Смотрю на старые фотографии 50‑х… Какие платья носили тогда молодые девушки! Сложных, замысловатых фасонов, с подрезами и вытачками, схваченные в талии широкими лаковыми поясами… После войны жили люди бедно, но женщины и тогда умудрялись красиво одеваться. Полузабытые сегодня названия тканей "крепдешин", "креп-жоржет", "вольт", "маркизет", "креп-сатин" понятны теперь только специалистам. При одном лишь звучании этих слов уже слышится волнующее шуршанье пышных летящих юбок, трепет кружевных воротничков и газового шарфика на женских плечах. Парни, что побогаче, носили бостоновые костюмы и (самый шик!) лаковые ботинки. Именно такой костюм и ботинки носил мой отец. А у мамы осталось в памяти ее любимое платье из креп-граната…
Дед всегда тянулся к молодежи, благо ее в оркестре было много, в основном молодые парни, и он сам вместе с ними всегда оставался молод душой.
Летний праздник День железнодорожника собирал всех в Винновской роще в первое воскресенье августа. Сюда стекались семьями, многие брали с собой коврики, корзинки со съестными припасами, рассаживались уютным кружком на лужайках и под деревьями. Дед неизменно выступал с оркестром каждый такой праздник.

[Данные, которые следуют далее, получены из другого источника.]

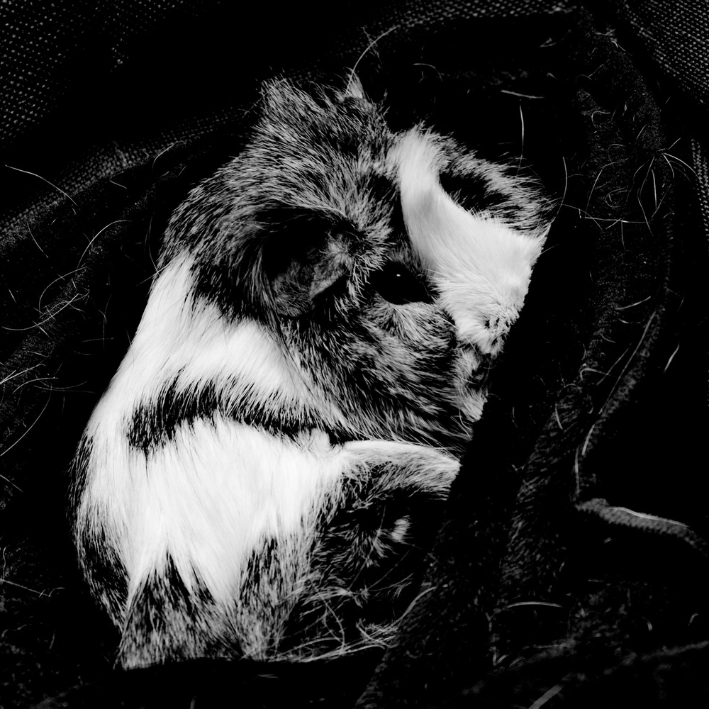 C'est le cochon d'inde de ma nièce, elle le met dans cette couverture pour lui faire des calin et c'est vrai qu'il aime bien se planquer dedans, ton titre est une bonne idéee MLZ.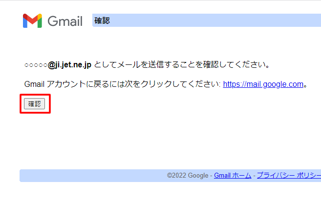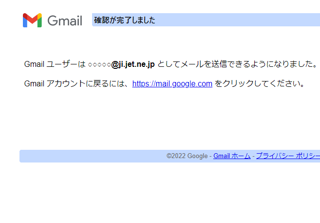 12.「確認が完了しました」と表示されたら、SMTP設定は完了です。画面を閉じるかURLをクリックしてGmailに戻ります。

…Мама рассказывала, что в их голодное военное детство дедушка Миша работал в тылу, в паровозном депо. У него была "бронь", он ремонтировал паровозы, уходящие на фронт. Сутками, грязный, голодный, худой, он лежал под вагонами, возвращая "железному коню" силы и жизнь. Свой паек дед часто не съедал, украдкой приносил домой двум своим малолетним дочкам — маме и ее родной сестре Тамаре. Часто в их дом приходил рассыльный, случалось и по ночам, и деда вызывали с бригадой на линию фронта, где обстреляли состав, и его нужно было срочно ремонтировать. Деда не бывало дома несколько суток… Передовик производства, он выполнял норму на 150 процентов, и многочисленные грамоты и благодарности тому свидетельство. Иногда его премировали отрезом на пальто или деньгами. В конце войны дед подрабатывал на хлебозаводе. Было очень голодное время, и чтобы спасти свою семью от голода, дед работал круглосуточно: днем — в депо, ночью — на хлебозаводе.
Каким я его помню? Нетребовательным в еде, в одежде, неприхотливым в быту. Я никогда не видела его огорченным, он всегда пребывал в хорошем расположении духа. Носить аккуратно одежду он не умел, помню его помятые брюки с оттопыренными карманами, в которых лежали папиросы, гайки и мундштук. На пиджаке черного цвета сияли металлические пуговицы железнодорожника. Одежда сидела на нем мешковато. Был он невысокого росточка, худощавый, узколицый. На голове — шляпа. Этакий симбирский Чарли Чаплин, только тросточки не хватало. Бабушка сердилась: "Ты же артист! А посмотри, какие у тебя брюки… И руки вечно в карманах. Оторвутся кармашишки-то! И ботинки нечищеные. Вон, посмотри на Владим Фёдырча, какой он аккуратный, и ботинки у него, как зеркало…".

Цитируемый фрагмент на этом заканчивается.